DATASET SECTION →
- - - - -

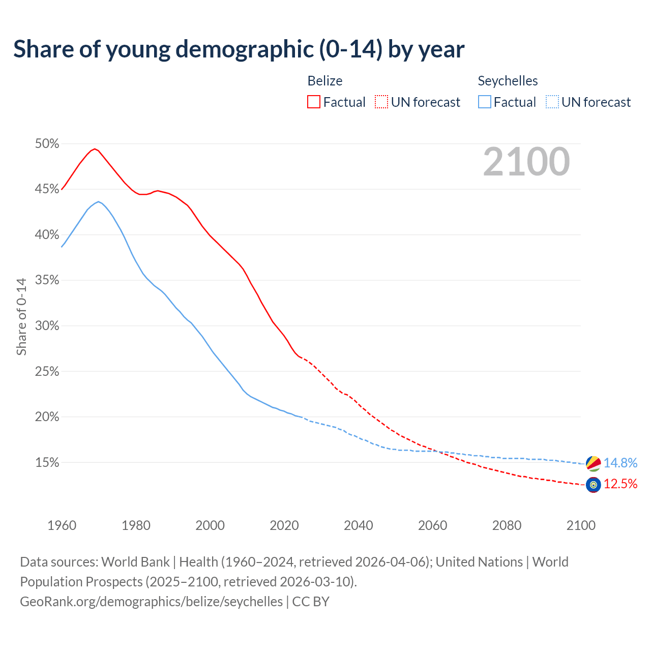 - The share of young demographic (0-15 years old) in Belize is 26.6% vs 20% in the Seychelles.
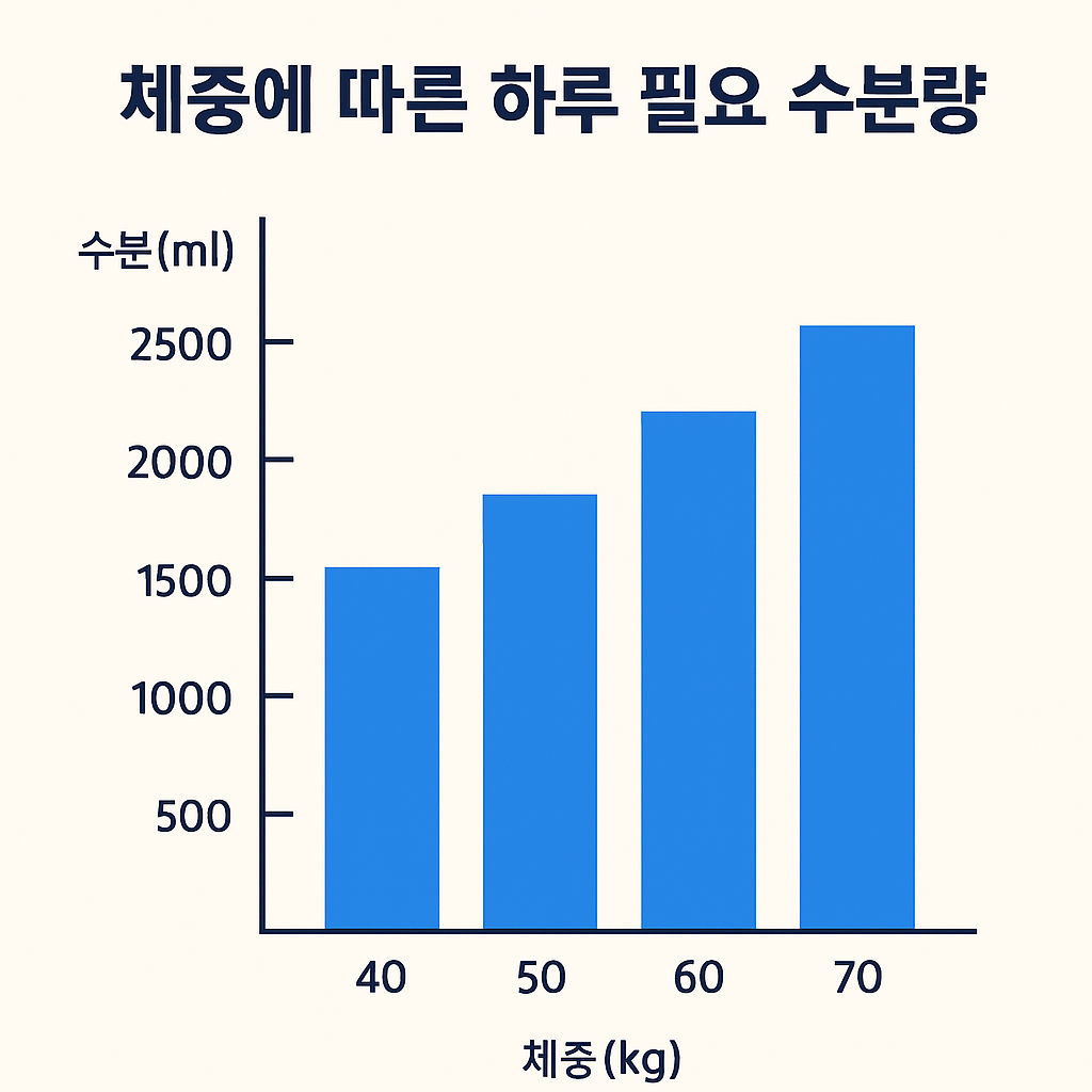 하루 필요 수분량(ml) = 체중(kg) × 30~35ml
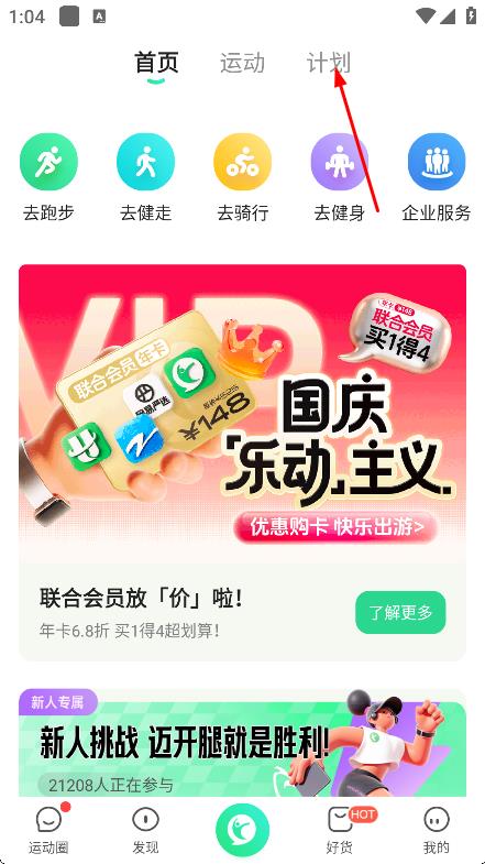 2、在咕咚運動主頁面,點擊旁邊的計劃,進入計劃頁面。

- - - - -

Where a picture appears in the material above, skip it, and print the rest exactly.

EXERCISE SOLUTION →
 - The share of young demographic (0-15 years old) in Belize is 26.6% vs 20% in the Seychelles.
 하루 필요 수분량(ml) = 체중(kg) × 30~35ml
 2、在咕咚運動主頁面,點擊旁邊的計劃,進入計劃頁面。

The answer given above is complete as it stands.